(Directions for this task): The records that follow are to be given again exactly, with their pictures omitted.
START Study material
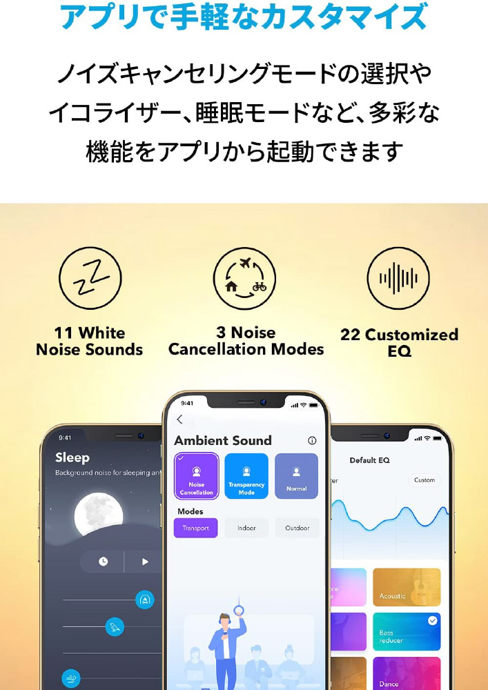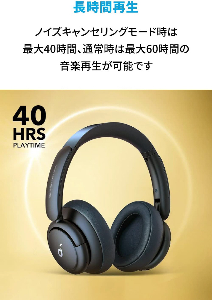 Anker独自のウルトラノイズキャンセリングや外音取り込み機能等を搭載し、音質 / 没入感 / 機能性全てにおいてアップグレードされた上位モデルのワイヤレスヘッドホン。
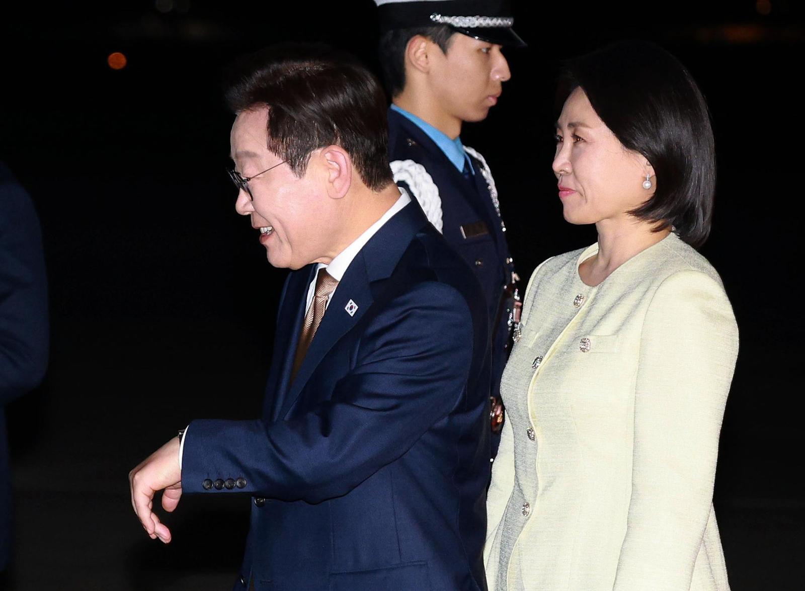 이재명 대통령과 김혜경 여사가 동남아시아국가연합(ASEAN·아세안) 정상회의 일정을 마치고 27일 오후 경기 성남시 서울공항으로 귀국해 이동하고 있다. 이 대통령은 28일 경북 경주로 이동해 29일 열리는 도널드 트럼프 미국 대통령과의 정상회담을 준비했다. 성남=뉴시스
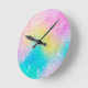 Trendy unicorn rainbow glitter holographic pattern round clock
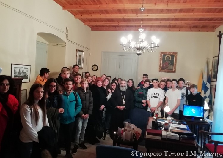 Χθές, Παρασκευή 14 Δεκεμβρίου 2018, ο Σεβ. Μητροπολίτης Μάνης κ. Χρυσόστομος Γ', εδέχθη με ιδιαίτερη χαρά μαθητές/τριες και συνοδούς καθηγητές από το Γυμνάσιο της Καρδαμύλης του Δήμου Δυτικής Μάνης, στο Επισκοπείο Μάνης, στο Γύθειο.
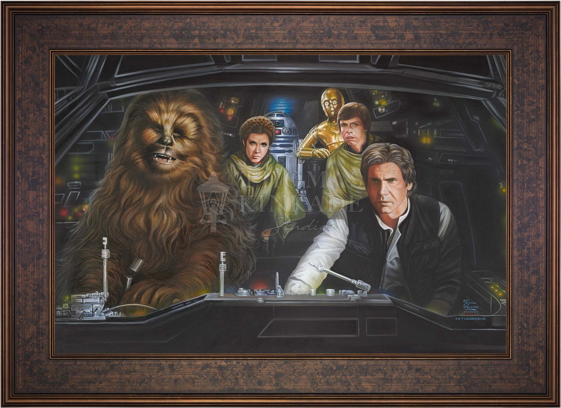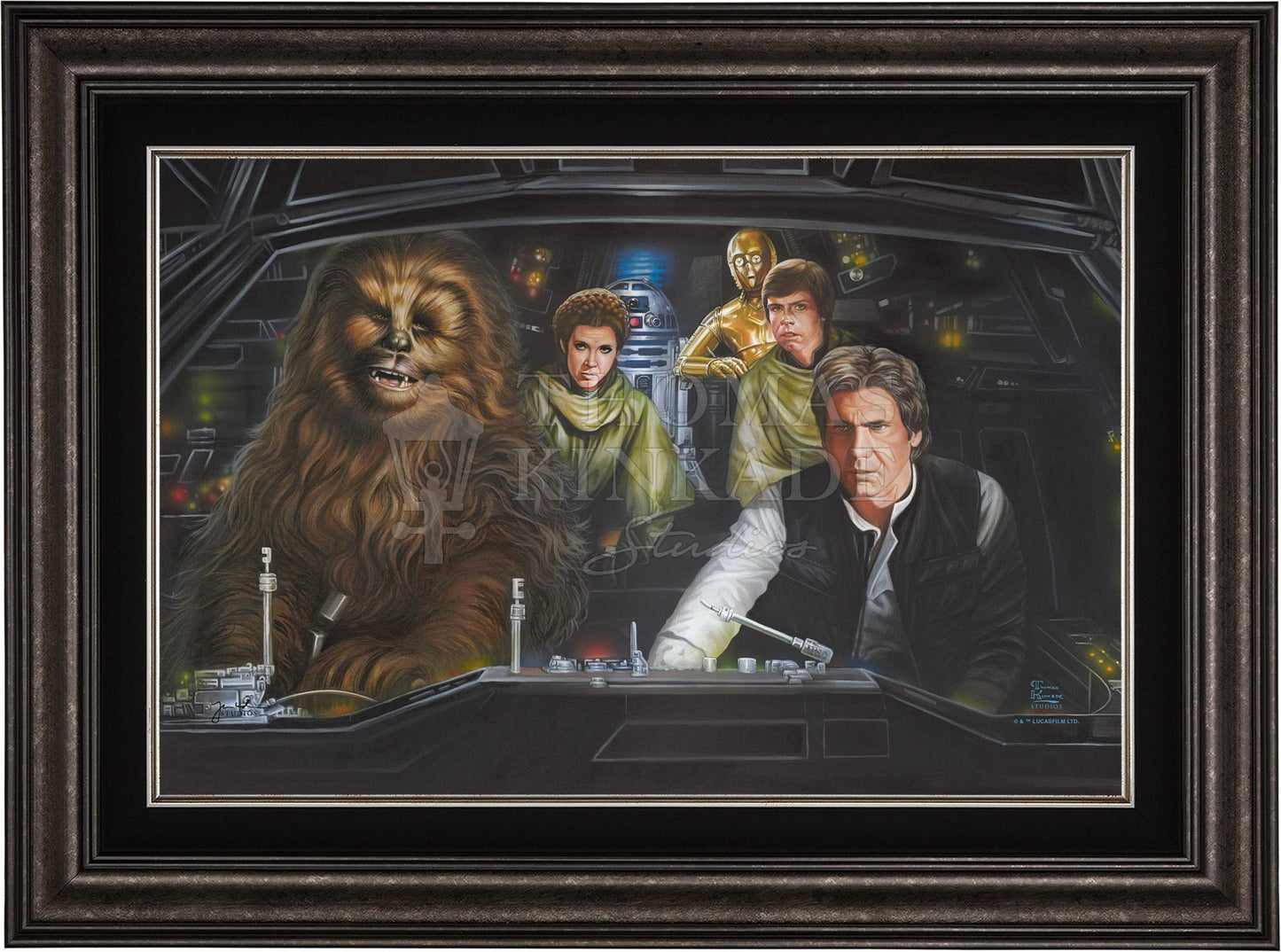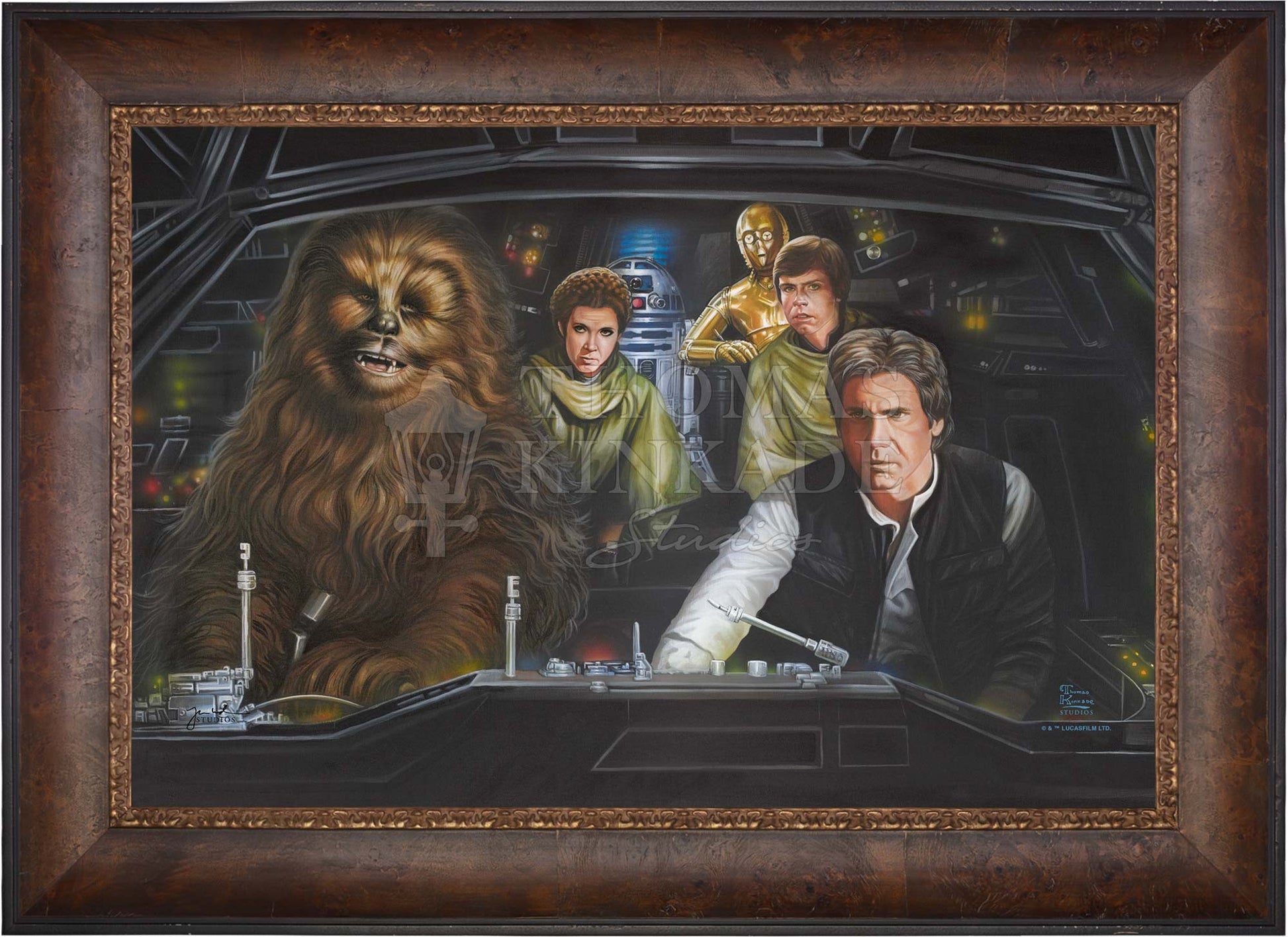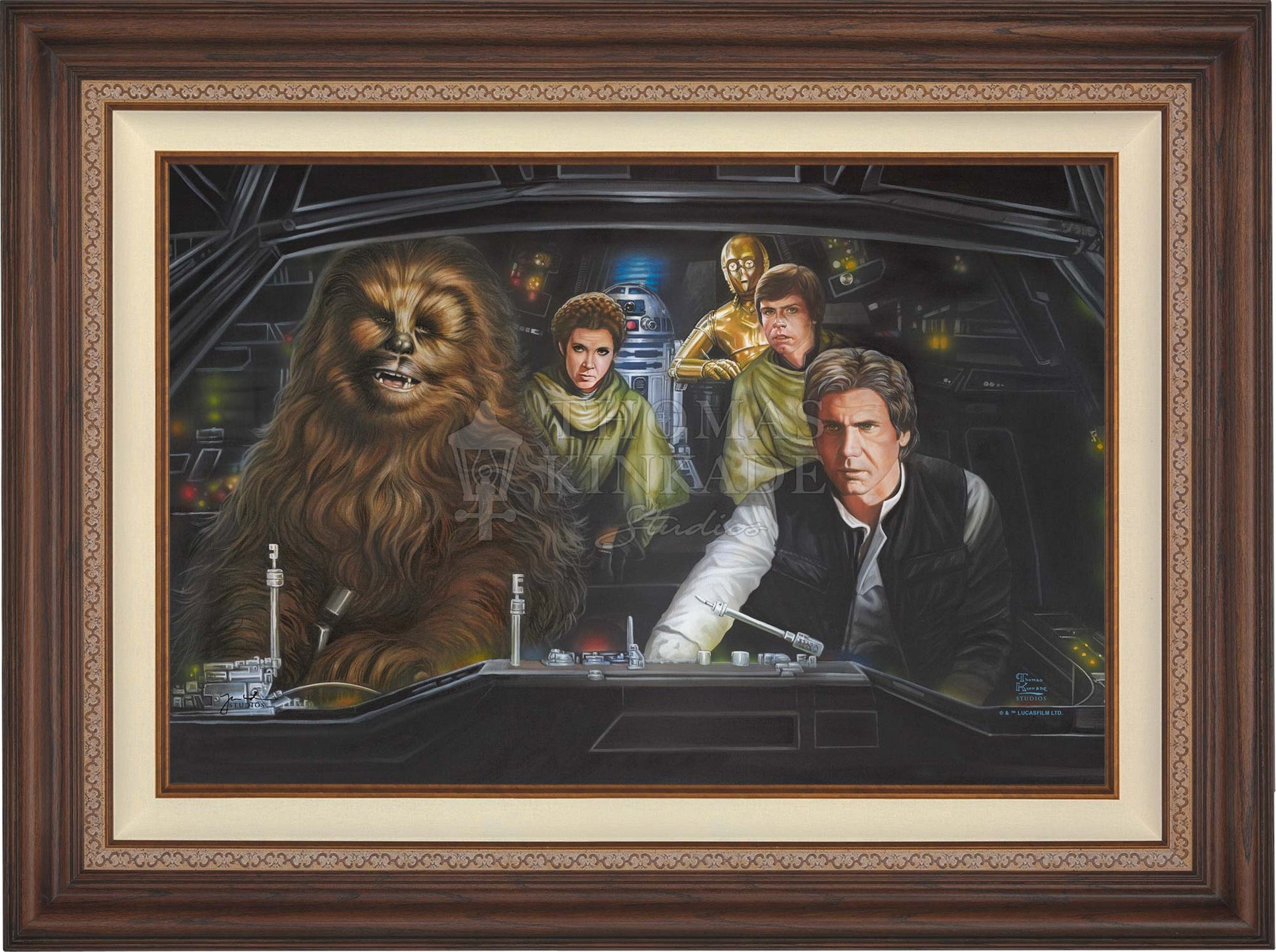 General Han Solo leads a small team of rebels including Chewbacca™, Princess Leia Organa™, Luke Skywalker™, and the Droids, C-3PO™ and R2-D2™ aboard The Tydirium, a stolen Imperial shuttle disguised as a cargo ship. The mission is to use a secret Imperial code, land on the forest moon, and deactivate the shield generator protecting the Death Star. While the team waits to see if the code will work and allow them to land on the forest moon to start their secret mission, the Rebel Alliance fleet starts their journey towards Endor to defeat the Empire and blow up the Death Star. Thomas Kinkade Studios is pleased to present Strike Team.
END Study material
(Answer to the problem):
 Anker独自のウルトラノイズキャンセリングや外音取り込み機能等を搭載し、音質 / 没入感 / 機能性全てにおいてアップグレードされた上位モデルのワイヤレスヘッドホン。
 이재명 대통령과 김혜경 여사가 동남아시아국가연합(ASEAN·아세안) 정상회의 일정을 마치고 27일 오후 경기 성남시 서울공항으로 귀국해 이동하고 있다. 이 대통령은 28일 경북 경주로 이동해 29일 열리는 도널드 트럼프 미국 대통령과의 정상회담을 준비했다. 성남=뉴시스
 Trendy unicorn rainbow glitter holographic pattern round clock
 Χθές, Παρασκευή 14 Δεκεμβρίου 2018, ο Σεβ. Μητροπολίτης Μάνης κ. Χρυσόστομος Γ', εδέχθη με ιδιαίτερη χαρά μαθητές/τριες και συνοδούς καθηγητές από το Γυμνάσιο της Καρδαμύλης του Δήμου Δυτικής Μάνης, στο Επισκοπείο Μάνης, στο Γύθειο.
 General Han Solo leads a small team of rebels including Chewbacca™, Princess Leia Organa™, Luke Skywalker™, and the Droids, C-3PO™ and R2-D2™ aboard The Tydirium, a stolen Imperial shuttle disguised as a cargo ship. The mission is to use a secret Imperial code, land on the forest moon, and deactivate the shield generator protecting the Death Star. While the team waits to see if the code will work and allow them to land on the forest moon to start their secret mission, the Rebel Alliance fleet starts their journey towards Endor to defeat the Empire and blow up the Death Star. Thomas Kinkade Studios is pleased to present Strike Team.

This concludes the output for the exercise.